If you look at that diagram you see that the output oscillates around some constant value finally settling on it: the frequency of these oscillations is the damped frequency. To measure it from the diagram you should measure the distance between the points where the output crosses the settling value, that's half the period that is the inverse of the damped frequency. Looking at your graph I'd say that that distance is about one second, so the damped frequency should be approximately 0.5Hz, i.e. \$f_\mathrm{d}=0.5\$Hz. Let's just keep this in mind for now.

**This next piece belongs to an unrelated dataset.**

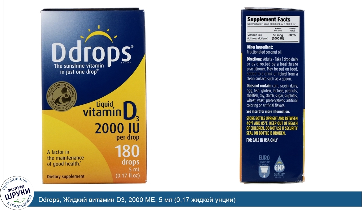 The Sunshine Vitamin in Just One Drop (Солнечный витамин в одной капле). Награда Mom's Choice Awards — Honoring Excellence. 2000 МЕ в капле. 180 капель. Фактор в поддержании хорошего здоровья. Пищевая добавка. Те...
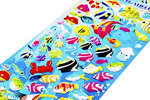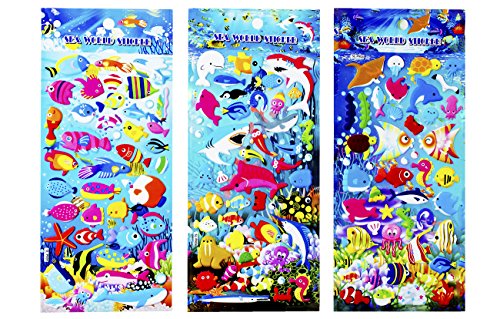 OCEAN ANIMAL STICKERS: Include the stickers of Angelfish, Sharks, Starfish, Hippocampus, octopus, sea turtle, conch, whale etc..

Now for the damping ratio. That's a bit trickier, the damping ratio measures how fast the oscillations decay, i.e. how fast the output settles. If the damping ratio is 0 they don't settle, if it's above unity you don't have oscillations but just a nice exponential. What you need to do is fit a curve on the output maxima, the curve being of the family \$Ae^{-\frac{t}{\tau}}+C\$. You need three points, you have three points, what you need is that tiny \$\tau\$. I don't really want to fit the curve so I'll make a wild guess and say that \$\tau=3s\$. Now let's recap: $$ f_\mathrm{d}=0.5Hz\\ \tau=3s $$ Since that's an under damped system the following holds: $$ \omega_\mathrm{d} = \omega_0 \sqrt{1 - \zeta^2 }\\ \tau = \frac{1}{\omega_0\zeta} $$ And you guessed it:

  • \$\omega_\mathrm{d}=2\pi f_\mathrm{d}\$
  • \$\omega_0\$ is the natural pulsation, so the natural frequency \$f_0=\frac{\omega_0}{2\pi}\$
  • \$\zeta\$ is the damping factor

Now just do the math and profit.

note the \$\tau=3\$s guess might be more right than you think.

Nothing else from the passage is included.